O Conselho Federal dos Técnicos Industriais (CFT) protocolou um pedido de impugnação ao Edital ENAP nº 114/2025, referente à segunda edição do Concurso Público Nacional Unificado (CPNU 2), do Governo Federal.

Na justificativa, o CFT sustenta que o edital, embora preveja cargos com formação técnica regulamentada, omite a exigência expressa de registro profissional para a posse dos aprovados.

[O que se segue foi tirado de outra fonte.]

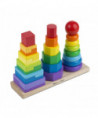 • 25 colorful wooden pieces to match and stack on three rods
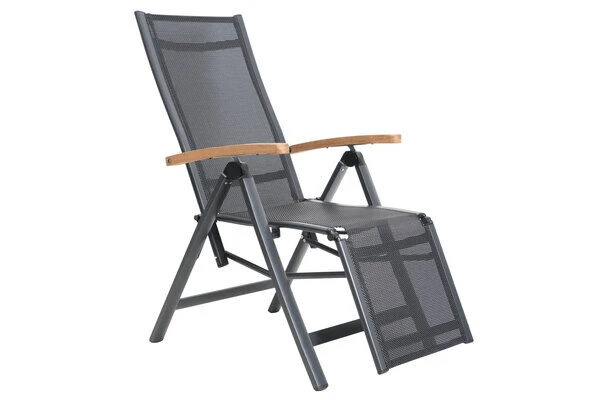 Relaxsessel von OUTFLEXX® aus Aluminium/Textilene in OUTFLEXX® anthrazit matt/schwarz mit FSC®-zertifizierten Teakholz-Armlehnen

A medida está fundamentada na Lei nº 13.639/2018, na Lei nº 5.524/1968, no Decreto nº 90.922/1985, além do artigo 5º, inciso XXXIV, alínea “a”, da Constituição Federal, que garante o direito de petição aos Poderes Públicos em defesa de direitos ou contra ilegalidade ou abuso de poder.

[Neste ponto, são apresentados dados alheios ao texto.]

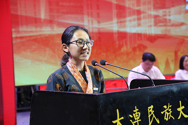 计算机技术领域2017级硕士研究生缪立欣同学代表在校生发言。缪立欣同学本科就读于欧冠,她表达了对学校的感恩之情,勉励学弟学妹珍惜大学求学时光,学会学习,善于反思,懂得合作,在多民族融合的环境中历练品格、健康身心、全面发展、担当社会责任。国际商学院会计学专业德庆旺姆同学代表新生发言。德庆旺姆同学来自西藏日喀则市,是一名藏族同学,今年获得了欧冠新生入学三等奖学金。她表达了对大学生活的向往,并立志在民大求真学问、练真本领,扣好人生的每一粒扣子,用奋斗和奉献作为青春的底色,不负父母嘱托,不负青春韶华,筑牢迈向社会的扎实根基。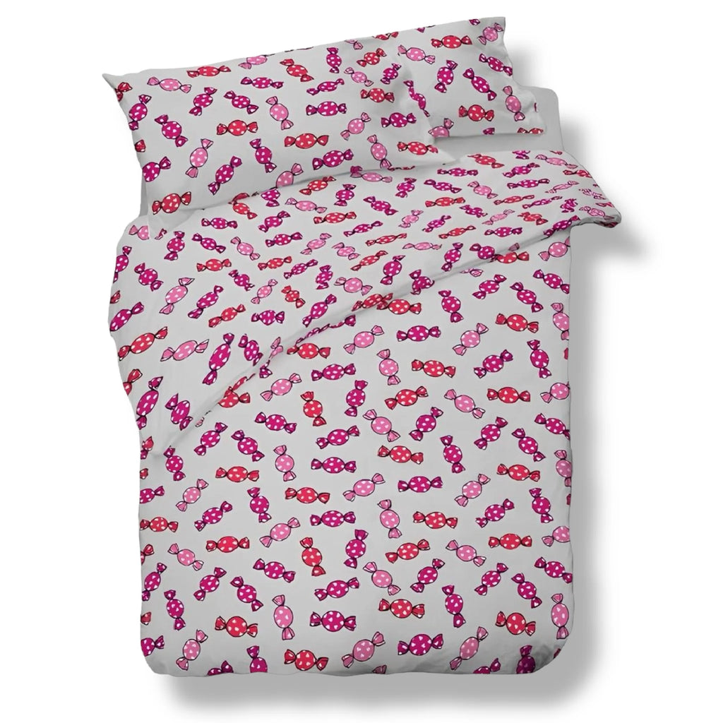Regala un tocco dolce e allegro alla cameretta con la parure copripiumino  Melle di Zambaiti. Realizzata in 100% puro cotone, garantisce morbidezza, freschezza e comfort durante il riposo. La fantasia con caramelle colorate su fondo grigio dona vivacità e rende unico l’ambiente. Un prodotto Made in Italy, sinonimo di qualità tessile e cura dei dettagli, pensato per durare nel tempo e accompagnare i sogni dei bambini.

A principal crítica do CFT reside na ausência da obrigatoriedade de registro junto aos Conselhos Regionais dos Técnicos Industriais (CRTs) para diversas especialidades que exigem formação técnica específica.

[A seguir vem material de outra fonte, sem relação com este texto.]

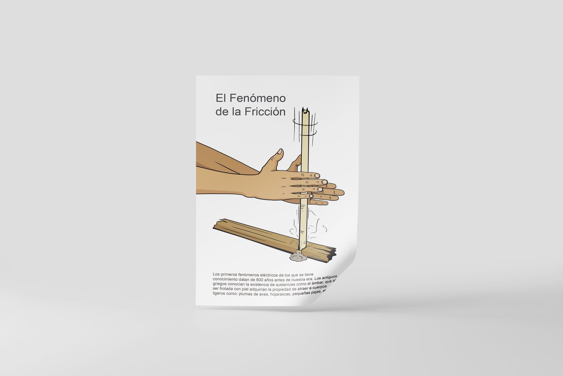 This artwork recreates the look of classic school physics posters, featuring a clear, didactic illustration of a hand rotating a wooden stick against a plank to demonstrate friction. The clean composition, restrained color palette, and Spanish title “El Fenómeno de la Fricción” give it a believable mid-century academic feel, similar to posters found in public school classrooms or old science labs.

No documento assinado pelo procurador jurídico André Soares de Carvalho, o CFT ressalta que essa omissão não apenas contraria a legislação que regulamenta as profissões técnicas, mas também pode comprometer a qualidade e a segurança dos serviços prestados à sociedade.

O documento de impugnação detalha uma série de cargos e suas respectivas formações, nas quais a exigência do registro profissional foi, segundo o CFT, indevidamente negligenciada. Entre os exemplos citados, destacam-se:

Técnico em Regulação de Aviação Civil

  • Para o cargo de Técnico em Regulação de Aviação Civil, o edital exige formação em Técnico em Manutenção Aeronáutica (Aviônicos, Célula, Motopropulsor). O CFT fundamenta a necessidade de registro nas Resoluções CFT nº 174/2022, 175/2022 e 176/2022, que regulamentam a atuação desses profissionais.

Técnico em Atividades de Mineração

  • Em todas as especialidades de Técnico em Atividades de Mineração, que incluem formação em Técnico em Mineração, Técnico em Geologia e Técnico em Geoprocessamento, o edital não exige o registro profissional. As Resoluções CFT nº 102/2020, 104/2020 e 89/2019 são as bases para a argumentação do conselho, que abrange todo o território nacional. O CFT ressalta, ainda, a necessidade de inclusão de outras nomenclaturas de técnicos industriais, como Agrimensura, Geodésia, Cartografia e Geoprocessamento, a fim de evitar restrições de acesso ao certame e a violação do princípio da isonomia.

Técnico em Regulação – Especialidade Química

  • Para o cargo de Técnico em Regulação de Petróleo e Derivados – Especialidade Química, que exige formação em Técnico em Química e Técnico em Petróleo e Gás, o registro nos conselhos profissionais (CFT/CRT e CRQ) também foi omitido. A Resolução Conjunta CFT/CFQ nº 01/2023 serve de base legal para a exigência.

Técnico em Regulação de Serviços Públicos de Telecomunicações

  • Embora o cargo exija formação em Técnico em Eletrônica, Telecomunicações ou Eletroeletrônica — regulamentadas pelas Resoluções CFT nº 083/2019, 111/2020 e 118/2020 — o edital não prevê a exigência de registro profissional.

Técnico em Regulação e Vigilância Sanitária

  • Por fim, para o cargo de Técnico em Regulação e Vigilância Sanitária, que exige formação em Técnico em Alimentos, a Resolução CFT nº 095/2020 estabelece a regulamentação da atuação profissional. Ainda assim, o edital não incluiu a obrigatoriedade do registro profissional.

Palavra do CFT

O CFT argumenta que a ausência da exigência de registro profissional não apenas desrespeita a legislação vigente, mas também abre precedentes para que profissionais não habilitados exerçam funções que demandam conhecimento técnico específico e responsabilidade, colocando em risco a segurança e a qualidade dos serviços públicos.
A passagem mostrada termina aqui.